2019-11-13 Thread Matteo Guglielmi via users
I rolled everything back to stock centos 7.7 installing OFED via:




yum groupinstall @infiniband

yum install rdma-core-devel infiniband-diags-devel


which does not install the ofed_info command, or at least I could
not find it (do you know where it is?).



openmpi is version 3.1.4




the fw version should be 8.37.7.0



will now try to upgrade the firmware since changing OS is not an option.



Other suggestions?


Thank you!



From: Llolsten Kaonga 
Sent: Wednesday, November 13, 2019 3:25:16 PM
To: 'Open MPI Users'
Cc: Matteo Guglielmi
Subject: RE: [OMPI users] qelr_alloc_context: Failed to allocate context for 
device.

Hello Mateo,

What version of openmpi are you running?

Also, the OFED-4.17-1 release notes do not claim support for CentOS 7.7. It
supports CentsOS 7.6.

Apologies if you have already tried CentOS 7.6.
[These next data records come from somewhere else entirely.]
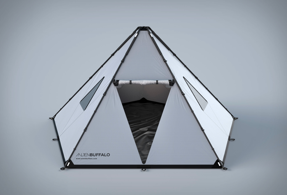The Alien Buffalo tent caught PD's eye, firstly for its unusual pyramidal shape, reminiscent of ancient nomadic structures. The tent material is attached to the frame, making it easy to set up, in a claimed two minutes. There is no central pole to get in the way. There are also no fiddly guy ropes. Modern materials are used. It comes in two sizes.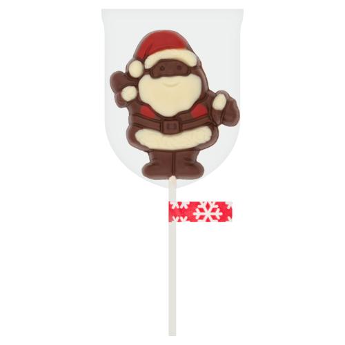 Milk chocolate lollipop with white chocolate and red coloured decoration.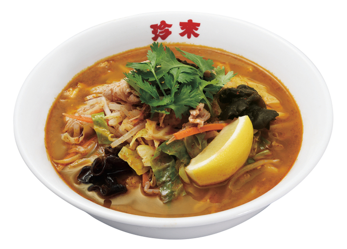 「トムヤムタンメン」は、世界3大スープのひとつといわれる「トムヤムクン」(※1)がベース。プリッキー(唐辛子)の辛味とレモングラスを使った特徴的な酸味にハーブやナンプラーを珍來流にアレンジ。スパイシーで複雑な旨味のスープに珍來自慢のオリジナル麺が絡み合い一度食べたらやみつきになるほど後を引く美味しさを秘めた熱い夏にピッタリの自信作です。※1「トム」は煮る、「ヤム」は混ぜる、「クン」はエビ。「トムヤムクン」はエビ入りトムヤムスープという意味ですので「トムヤムタンメン」にはエビが入っていないことをご理解下さい。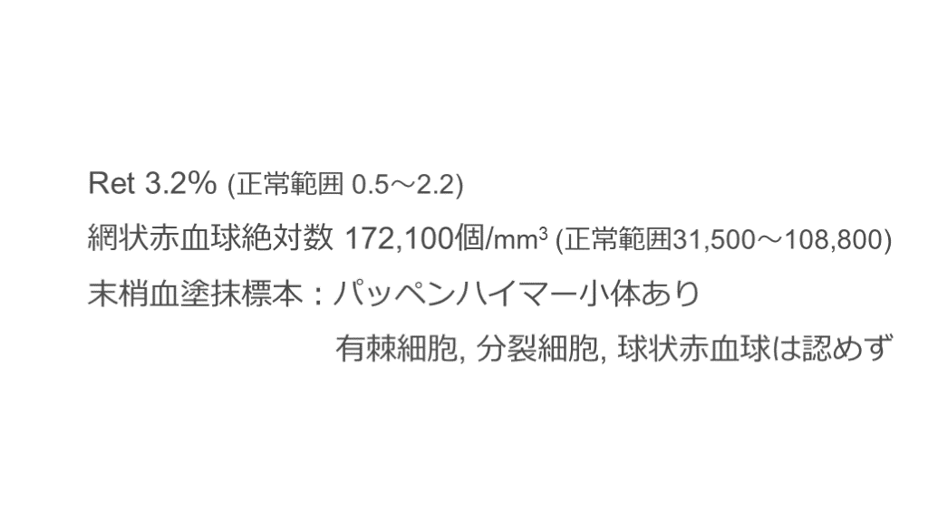 末梢血塗抹標本:パッペンハイマー小体あり 有棘細胞, 分裂細胞, 球状赤血球は認めず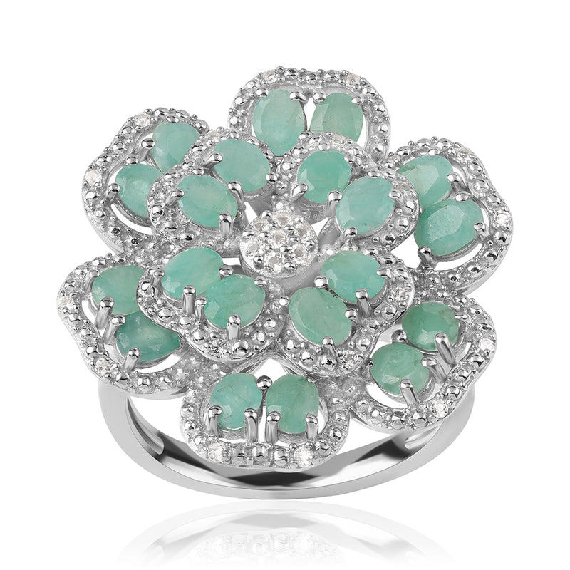 Stříbrný Prsten s Brazilským Smaragdem a Bílým Topazem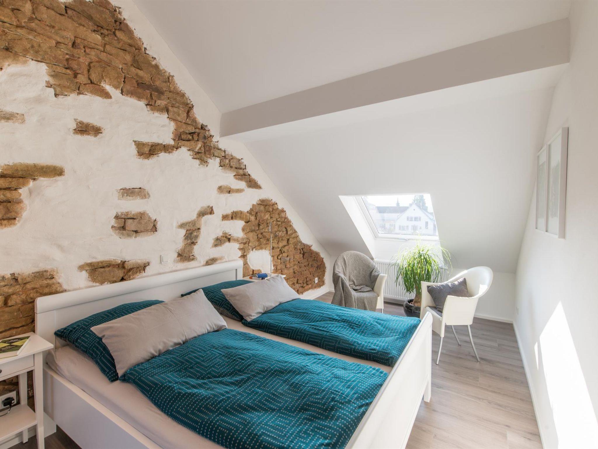Unser Bücherloft ist eine neurenovierte und neumöbilierte schöne helle und freundliche Dachwohnung. Es ist die gesamte Fläche unseres Hauses mit offener Dachspitze. Alle Fenster der Wohnung sind verdunkelbar. Ein Schlafzimmer mit Doppelbett, Sitzecke und Schrank, Platz für Babyreisebett. Das große Wohnzimmer ist mit zwei Schlafcouchen (1,40 x 2,00 Meter) ausgestattet und WLAN, LAN, TV (55 Zoll Bildschirm), Bluetooth Audiosystem. Einbauküche mit Essecke, Leseecke mit Schreibtisch, Badezimmer mit Dusche/WC. Auch ein kleiner Abstellraum ist vorhanden.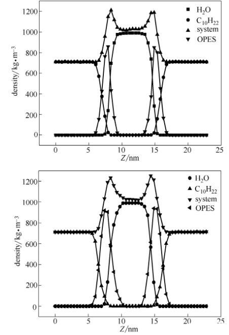 對于表面活性劑來說降低界面張力的能力是考察其性能好壞的重要指標之一,下面通過考察不同體系的界面張力和界面寬度來進一步說明OPES的界面性能,如表1所示。對于界面張力可以利用式(2)來計算,其中LZ為盒子高度;Pxx、Pyy、Pzz分別為x、y、z方向的壓力。

We have been able to run openmpi (earlier this month):

OS:  CentOS 7.6
mpirun --version:3.1.4
ofed_info -s:OFED-4.17-1

RNIC fw version  8.50.9.0

Thanks.
--
Llolsten

-Original Message-
From: users  On Behalf Of Matteo Guglielmi
via users
Sent: Wednesday, November 13, 2019 2:12 AM
To: users@lists.open-mpi.org
Cc: Matteo Guglielmi 
Subject: [OMPI users] qelr_alloc_context: Failed to allocate context for
device.

I'm trying to get openmpi over RoCE working with this setup:




card: https://www.gigabyte.com/Accessory/CLNOQ42-rev-10#ov


OS: CentOS 7.7


modinfo qede

filename:
/lib/modules/3.10.0-1062.4.1.el7.x86_64/kernel/drivers/net/ethernet/qlogic/q
ede/qede.ko.xz
version:8.37.0.20
license:GPL
description:QLogic FastLinQ 4 Ethernet Driver
retpoline:  Y
rhelversion:7.7
srcversion: A6AFD0788918644F2EFFF31
alias:  pci:v1077d8090sv*sd*bc*sc*i*
alias:  pci:v1077d8070sv*sd*bc*sc*i*
alias:  pci:v1077d1664sv*sd*bc*sc*i*
alias:  pci:v1077d1656sv*sd*bc*sc*i*
alias:  pci:v1077d1654sv*sd*bc*sc*i*
alias:  pci:v1077d1644sv*sd*bc*sc*i*
alias:  pci:v1077d1636sv*sd*bc*sc*i*
alias:  pci:v1077d1666sv*sd*bc*sc*i*
alias:  pci:v1077d1634sv*sd*bc*sc*i*
depends:ptp,qed
intree: Y
vermagic:   3.10.0-1062.4.1.el7.x86_64 SMP mod_unload modversions
signer: CentOS Linux kernel signing key
sig_key:60:48:F2:5B:83:1E:C4:47:02:00:E2:36:02:C5:CA:83:1D:18:CF:8F
sig_hashalgo:   sha256
parm:   debug: Default debug msglevel (uint)

modinfo qedr

filename:
/lib/modules/3.10.0-1062.4.1.el7.x86_64/kernel/drivers/infiniband/hw/qedr/qe
dr.ko.xz
license:Dual BSD/GPL
author: QLogic Corporation
description:QLogic 40G/100G ROCE Driver
retpoline:  Y
rhelversion:7.7
srcversion: B5B65473217AA2B1F2F619B
depends:qede,qed,ib_core
intree: Y
vermagic:   3.10.0-1062.4.1.el7.x86_64 SMP mod_unload modversions
signer: CentOS Linux kernel signing key
sig_key:60:48:F2:5B:83:1E:C4:47:02:00:E2:36:02:C5:CA:83:1D:18:CF:8F
sig_hashalgo:   sha256

ibv_devinfo

hca_id: qedr0
transport: InfiniBand (0)
fw_ver: 8.37.7.0
node_guid: b62e:99ff:fea7:8439
sys_image_guid: b62e:99ff:fea7:8439
vendor_id: 0x1077
vendor_part_id: 32880
hw_ver: 0x0
phys_port_cnt: 1
port: 1
state: PORT_ACTIVE (4)
max_mtu: 4096 (5)
active_mtu: 1024 (3)
sm_lid: 0
port_lid: 0
port_lmc: 0x00
link_layer: Ethernet

hca_id: qedr1
transport: InfiniBand (0)
fw_ver: 8.37.7.0
node_guid: b62e:99ff:fea7:843a
sys_image_guid: b62e:99ff:fea7:843a
vendor_id: 0x1077
vendor_part_id: 32880
hw_ver: 0x0
phys_port_cnt: 1
port: 1
state: PORT_DOWN (1)
max_mtu: 4096 (5)
active_mtu: 1024 (3)
sm_lid: 0
port_lid: 0
port_lmc: 0x00
link_layer: Ethernet




RDMA actually works at system level which means that I cand do

rdma ping-pong tests etc.



But when I try to run openmpi with these options:



mpirun --mca btl openib,self,vader --mca btl_openib_cpc_include rdmacm ...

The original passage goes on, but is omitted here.